Biopolymer transformation and antibiotics degradation of wastewater sludge using thermally activated persulfate oxidation for dewaterability enhancement

• Thermally activated persulfate (TAP) oxidation enhanced sludge dewaterability. • Thermal hydrolysis and oxidation had a synergistic effect in biopolymer hydrolysis. • Proteins were decomposed into polypeptides, amino acids, and ammonia nitrogen. • TAP oxidation increased bioavailable phosphorus content of sludge. • TAP oxidation reduced antibiotic content and ecotoxicological risk of sludge. Wastewater sludge is mainly comprised of microorganisms and extracellular polymeric substances (EPS). The gel-like network structure of EPS traps bound water, resulting in poor dewaterability of sludge. In this work, the thermally activated persulfate (TAP) oxidation was used in sludge treatment to improve dewaterability.

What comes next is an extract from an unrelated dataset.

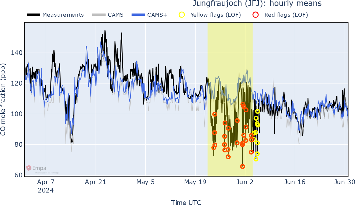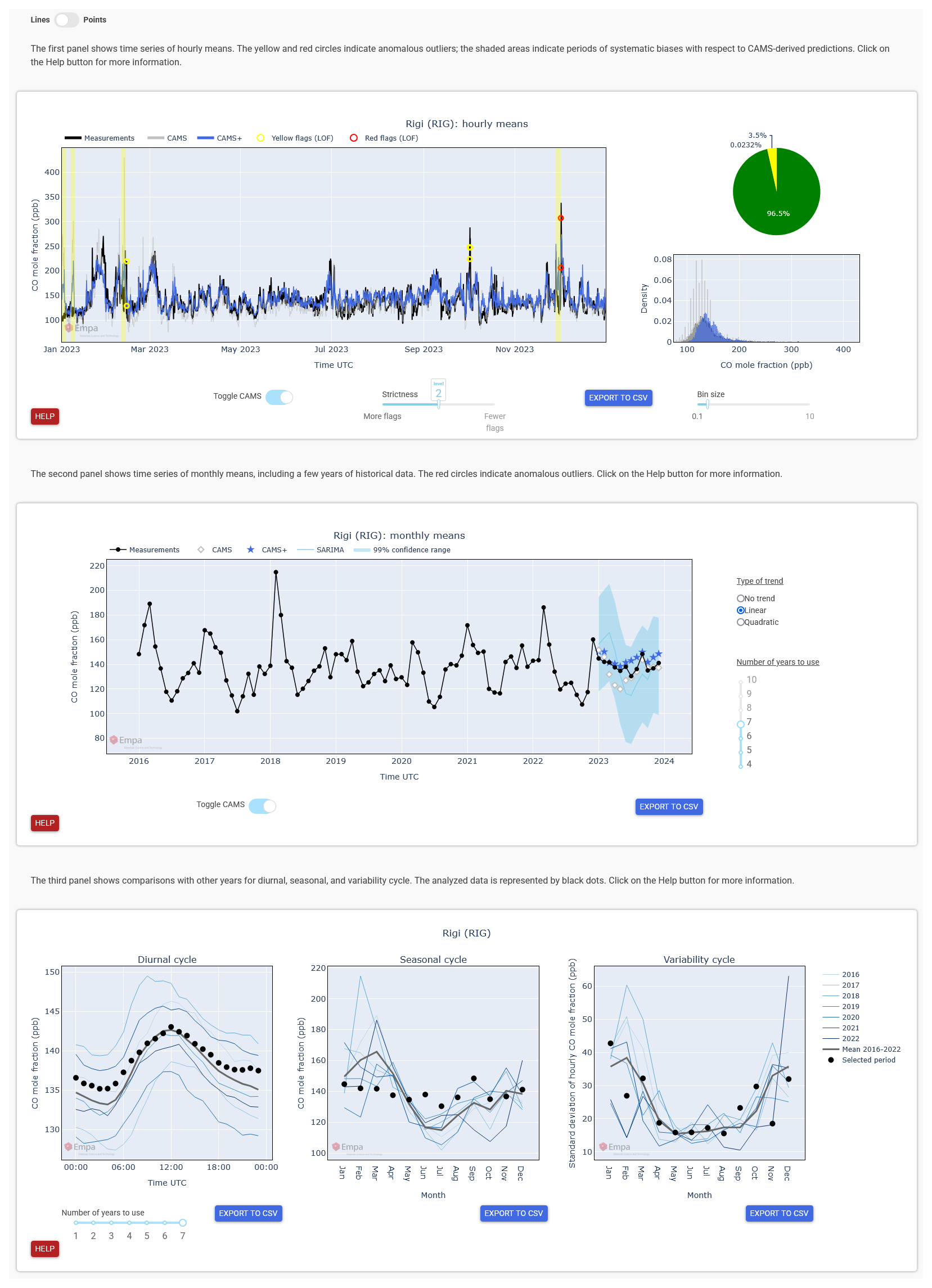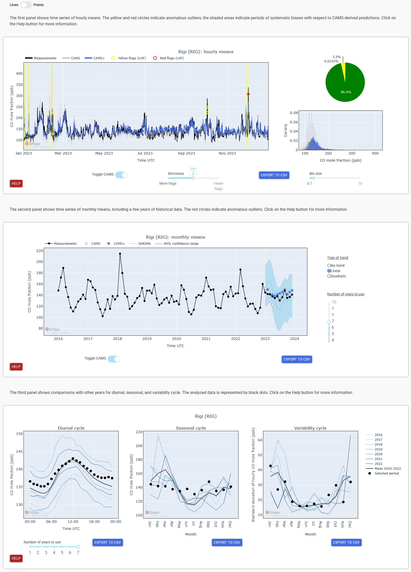Note that, to improve readability, periods with significant differences between measurements and CAMS+ that are less than 50 h apart are merged together into a single shaded area on the plot (but not in the export file). Given the relatively large inter-annual variability of CO and the short duration of the event, this issue is not clearly visible on the other panels of the dashboard.

The transformation of proteins and phosphorus were systematically investigated to understand the mechanisms of sludge conditioning with TAP at molecular levels. The results showed that TAP oxidation produced SO 4 - and OH radicals which decomposed the macromolecular proteins, causing uncoiling of protein secondary structures and exposure of inner hydrophobic sites. The polypeptide, amino acid, and ammonia nitrogen were generated, and sludge dewaterability was enhanced. A mechanism was proposed to explain the synergistic effects of thermal hydrolysis and TAP oxidation on the transformations of nitrogen and phosphorus containing biopolymers. Furthermore, 30%-100% of antibiotics were degraded in TAP treatment. TAP performed well in macrolide and tetracycline degradation (>80%), while most of quinolone antibiotics were more refractory to oxidation.